The ability to set up a hot standby from a warm standby was particularly useful for a customer who recently advised that security restrictions at their organization now forbade any intra-datacenter application connectivity. This meant that using streaming replication to maintain their DR Fujitsu Enterprise Postgres instances was no longer acceptable.
I suggested that this being the case, we could either use log shipping or storage replication.
Working out the solution
The customer preference was to use log shipping to the remote DC. They run Fujitsu Enterprise Postgres from an active DC where the archived WAL and backups are written to an NFS share. This synchronizes to a remote passive DC NFS every few minutes. The customer expected there to be up to a 2hr window before the DR DC was running the service again.
The customer accepted there was a risk of data loss with the file-based log shipping to a warm standby DR DC approach. However, this solution is in keeping with the customer security policy of no application connectivity between DCs.
To meet the customer requirements, we have implemented the changes in design as per the below diagram. As you can see, the customer applications use Connection Manager to reach the Primary. Connection Manager runs as Active/Active, where the application connection string contain both hosts to protect against a SPOF. The Active DC Connection Manager only knows about the local Primary and Standby instances. The Active DC Arbitration Server also only knows about the 2 local Fujitsu Enterprise Postgres instances and uses a VIP for AS host resilience.
On the Passive DC side, Connection Manager is also Active/Active, and only configured for its local Fujitsu Enterprise Postgres instances. On the Passive DB side, the Connection Manager only shows the 2 Warm standbys. The Arbitration Server and Mirroring Controller on the Passive DC are also running awaiting the promotion of VM1 in DC A.
On failure of the Active DC B or shutdown of the 2 Fujitsu Enterprise Postgres clusters, promotion of the Warm standby can proceed with VM1 becoming the primary with its Hot standby of VM2 already in place. Upon recovery of DC B, VM4 would be implemented as the Warm standby and VM5 as the Hot standby of VM4.

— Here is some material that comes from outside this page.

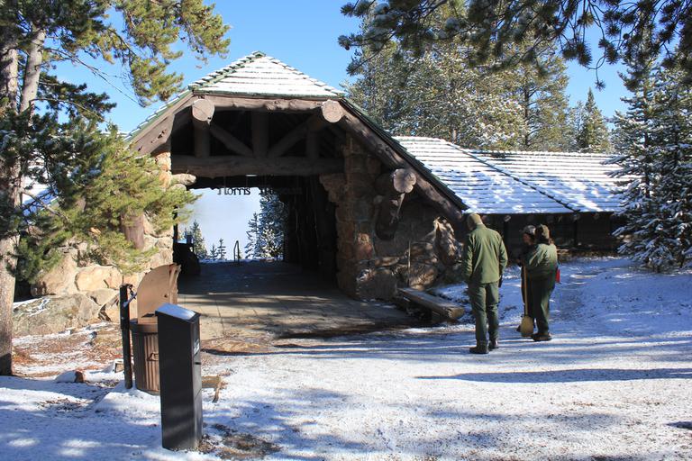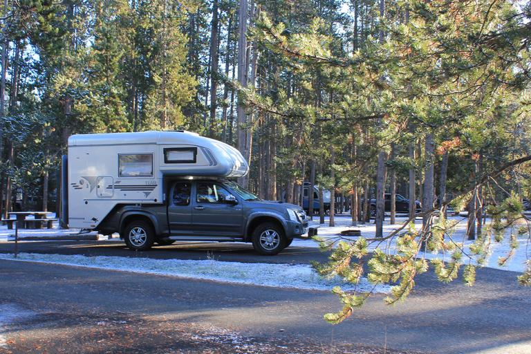 je me demande si nous allons pouvoir entrer dans le parc, mais nous sommes très vite rassurés en voyant la file des visiteurs, il y a du monde ce matin et les voitures passent. Vient notre tour, le ranger nous prévient que certaines routes sont fermées, mais elles devraient ouvrir dans la journée. Nous sommes à l'entrée ouest, nous roulons 23km et arrivons à Madisson. Nous nous rendons immédiatement au camping, un des quatre campings encore ouverts à cette saison, et réservons notre nuit.

With this architecture, the customer has requested automation to lower the Sync Replication Mode dependency in the event of losing the Primary or Replica. This could happen during routine activities like patching.
The automation will:
- Change the replication mode from Sync to Async when the Primary has no replica and is in Sync mode
- Change the replication mode from Async to Sync when the Primary has a replica and is in Async mode
Fujitsu Enterprise Postgres has the edge
This DR solution protects against any SPOF, and is both symmetrical and simple for the customer to support. All this is possible due to the adaptability of Fujitsu Enterprise Postgres to allow a Warm standby to also have a Hot standby. The ability to promote a Warm standby performing WAL file replay with this setup gives Fujitsu Enterprise Postgres the edge over many competitor products in offering faster and simpler transitions of DC failover. This is particularly true for customers who are not permitted to replicate between datacenters.
# | Summary |
1 | We use archive_timeout to force a WAL archive log switch when there has been changes to avoid waiting for WAL. |
2 | The Connection Managers are Active/Active in each DC and point to their local 2 Fujitsu Enterprise Postgres DBs. This is to save time on DC failover. |
3 | The Arbitration Server is Active/Passive in each DC and points to their local 2 Fujitsu Enterprise Postgres Clusters. This is to save time on DC failover. |
4 | In the event of DC failover/or losing DC B, we promote the remote standby (e.g., VM1) and the Connection Manager will automatically pick up the new Primary on VM1 and its Sync replica on VM2 as the standby. |
5 | In the event of DC failover/or losing DC B, we promote the remote standby (i.e., VM1) and the AS will automatically pick up the new Primary on VM1 and its Sync replica on VM2 as the standby. |
6 | PgBackrest is used for WAL archiving/WAL restoration. |
7 | All components (i.e., Fujitsu Enterprise Postgres clusters, Fujitsu Enterprise Postgres Arbitration Server, Fujitsu Enterprise Postgres Connection Manager) have auto-start services. |